Espo M, Kulmala T, Maleta K, Cullinan T, Salin M L, Ashorn P
Medical School, University of Tampere, Finland.
Acta Paediatr. 2002;91(12):1364-70. doi: 10.1111/j.1651-2227.2002.tb02835.x.
Stunting is common among children under 5 y of age in sub-Saharan Africa. Several risk factors have been associated with poor growth but few studies have prospectively addressed the development of linear growth faltering and stunting during the first year of life. The present study was designed to analyse typical growth among rural Malawian infants, focusing particularly on the impact of birth size, adherence to feeding guidelines and morbidity in the development of severe stunting during infancy. A community-based cohort of 613 singleton newborns was prospectively followed by monthly home visits. Data were collected on the children's socioeconomic background, maternal size and weight gain during pregnancy, birth events, morbidity, breastfeeding and complementary feeding, growth and mortality. Univariate and multivariate analyses were used to determine associations between predictor variables and poor linear growth. The proportions of stunted infants (Height-for-age Z-score < -2) at 3, 6 and 9 mo of age were 27%, 51%, and 63%, respectively. At I y of age, over two-thirds (71%) of the infants were at least moderately (HAZ < -2) and 31% severely stunted (HAZ < -3).
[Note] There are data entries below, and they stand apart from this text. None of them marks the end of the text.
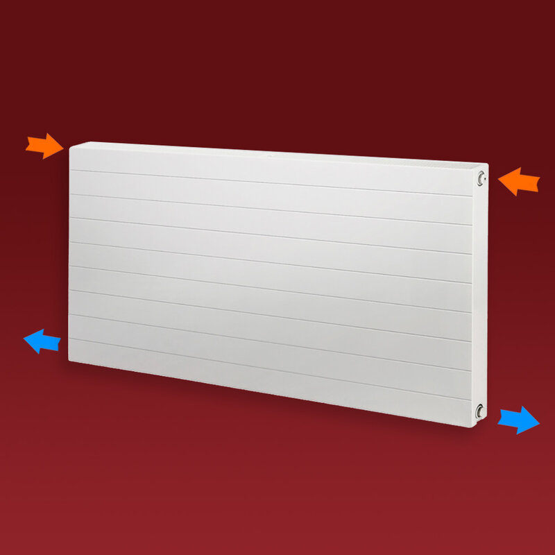 - 4 gwintowane złącza z boku grzejnika w rozmiarze 1/2 cala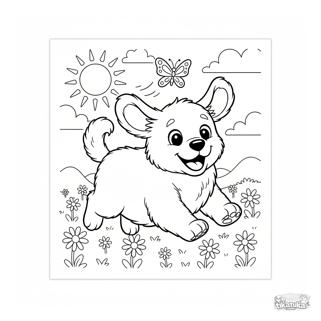 Página para colorir para crianças de 4-6 anos: um filhote de golden retriever curioso persegue feliz uma borboleta em um prado ensolarado. Formas simples e expressão facial fofa.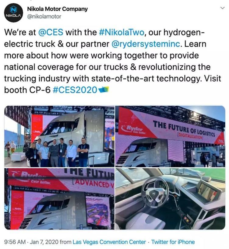 Nikola汽车公司发的推特,与合作伙伴之一的Ryder在CES上展示了未来主义风格的车型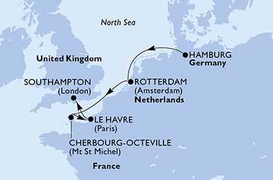 | Den 5 | Le Havre, Francie, (připlutí: 08:00 | odplutí: 21:00) |

The strongest predictor of severe stunting at 12 mo of age was small birth size. Other variables independently associated with this outcome included inappropriate complementary feeding, high morbidity, maternal short stature, male gender, and home delivery. Faltering of linear growth started soon after birth and continued throughout infancy. Interventions increasing birth size could have a significant role in the prevention of early childhood stunting. The ideal strategy should also emphasize the importance of appropriate infant feeding and decreasing the number of illness episodes amongst the infants.
发育迟缓在撒哈拉以南非洲5岁以下儿童中很常见。有几种风险因素与生长发育不良有关,但很少有研究前瞻性地探讨生命第一年线性生长发育迟缓和发育迟缓的发展情况。本研究旨在分析马拉维农村婴儿的典型生长情况,特别关注出生时的大小、遵循喂养指南情况和发病率对婴儿期严重发育迟缓发展的影响。对一个基于社区的613名单胎新生儿队列进行前瞻性跟踪,每月进行家访。收集了有关儿童社会经济背景、母亲孕期的身材和体重增加、出生情况、发病率、母乳喂养和辅食添加、生长发育及死亡率的数据。采用单变量和多变量分析来确定预测变量与线性生长不良之间的关联。3个月、6个月和9个月龄时发育迟缓婴儿(年龄别身高Z评分<-2)的比例分别为27%、51%和63%。1岁时,超过三分之二(71%)的婴儿至少有中度发育迟缓(身高别年龄Z评分<-2),31%有严重发育迟缓(身高别年龄Z评分<-3)。
12月龄时严重发育迟缓的最强预测因素是出生时身材小。与这一结果独立相关的其他变量包括辅食添加不当、发病率高、母亲身材矮小、男性性别和在家分娩。线性生长发育迟缓在出生后不久就开始,并在整个婴儿期持续。增加出生时身材大小的干预措施在预防幼儿发育迟缓方面可能发挥重要作用。理想的策略还应强调适当婴儿喂养的重要性,并减少婴儿患病次数。